Dies Natalis Solis Invicti
Dies Natalis Solis Invicti means "the birthday of the unconquered Sun." The use of the title Sol Invictus allowed several solar deities to be worshipped collectively, including Elah-Gabal, a Syrian sun god; Sol, the god of Emperor Aurelian; and Mithras, a soldiers' god of Persian origin.[17] Emperor Elagabalus (218–222) introduced the festival, and it reached the height of its popularity under Aurelian, who promoted it as an empire-wide holiday.[18] This day had held no significance in the Roman festive calendar until it was introduced in the third century.[19]

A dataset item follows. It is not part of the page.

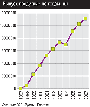 К примеру, первый продукт компании – 300?граммовые рулеты. Спрос на них достиг своего пика в 2002 году (36 млн единиц в год) и объемы продаж стали снижаться. Однако в 2000 году начался выпуск кексов, максимальный уровень их производства пришелся на 2003 год (16 млн единиц), и это позволило не только сохранить, но и увеличить общий объем продукции «Русского Бисквита». Затем в 2001 году было запущено производство вафельных тортов, которое устойчиво росло до 2006 года. В том же году были выведены на рынок мини-кексы, спрос на которые до сих пор демонстрирует подъем. В 2003 году появились мини-рулеты, выпуск которых уже в течение трех лет остается на высоком уровне (около 20 млн единиц). В общем объеме производства небольшой спад случился в 2004 году (с 74 до 70 млн единиц). Виной тому, по мнению Матюшева, опоздание на полгода или даже на год с выпуском очередного продукта – 175?граммового рулета. Впрочем, уже на следующий год новые продукты позволили отыграть более 20 млн единиц кондитерских изделий.

The festival was placed on the date of the solstice because this was on this day that the Sun reversed its southward retreat and proved itself to be "unconquered." Several early Christian writers connected the rebirth of the sun to the birth of Jesus.[3] "O, how wonderfully acted Providence that on that day on which that Sun was born...Christ should be born", Cyprian wrote.[3] John Chrysostom also commented on the connection: "They call it the 'Birthday of the Unconquered'. Who indeed is so unconquered as Our Lord . . .?"[3]
Winter festivals
A winter festival was the most popular festival of the year in many cultures. Reasons included the fact that less agricultural work needs to be done during the winter, as well as an expectation of better weather as spring approached.[21] Modern Christmas customs include: gift-giving and merrymaking from Roman Saturnalia; greenery, lights, and charity from the Roman New Year; and Yule logs and various foods from Germanic feasts.[22] Pagan Scandinavia celebrated a winter festival called Yule, held in the late December to early January period. As Northern Europe was the last part to Christianize, its pagan traditions had a major influence on Christmas. Scandinavians still call Christmas Jul. In English, the word Yule is synonymous with Christmas,[23] a usage first recorded in 900.
Patristic developments
The New Testament does not give a date for the birth of Jesus.[24][3] Around AD 200, Clement of Alexandria wrote that a group in Egypt celebrated the nativity on Pachon 25.[3] This corresponds to May 20.[25] Tertullian (d. 220) does not mention Christmas as a major feast day in the Church of Roman Africa.[3] In Chronographai, a reference work published in 221, Sextus Julius Africanus suggested that Jesus was conceived on the spring equinox.[26] The equinox was March 25 on the Roman calendar, so this implied a birth in December.[27] De Pascha Computus, a calendar of feasts produced in 243, gives March 28 as the date of the nativity.[28] In 245, the theologian Origen of Alexandria stated that, "only sinners (like Pharaoh and Herod)" celebrated their birthdays.[29] In 303, Christian writer Arnobius ridiculed the idea of celebrating the birthdays of gods, which suggests that Christmas was not yet a feast at this time.[3]
Feast established
The earliest reference to the celebration of the nativity on December 25 is found in the Chronography of 354, an illuminated manuscript compiled in Rome in 354.[30] In the East, early Christians celebrated the birth of Christ as part of Epiphany (January 6), and this festival included the celebration of the baptism of Jesus.[31]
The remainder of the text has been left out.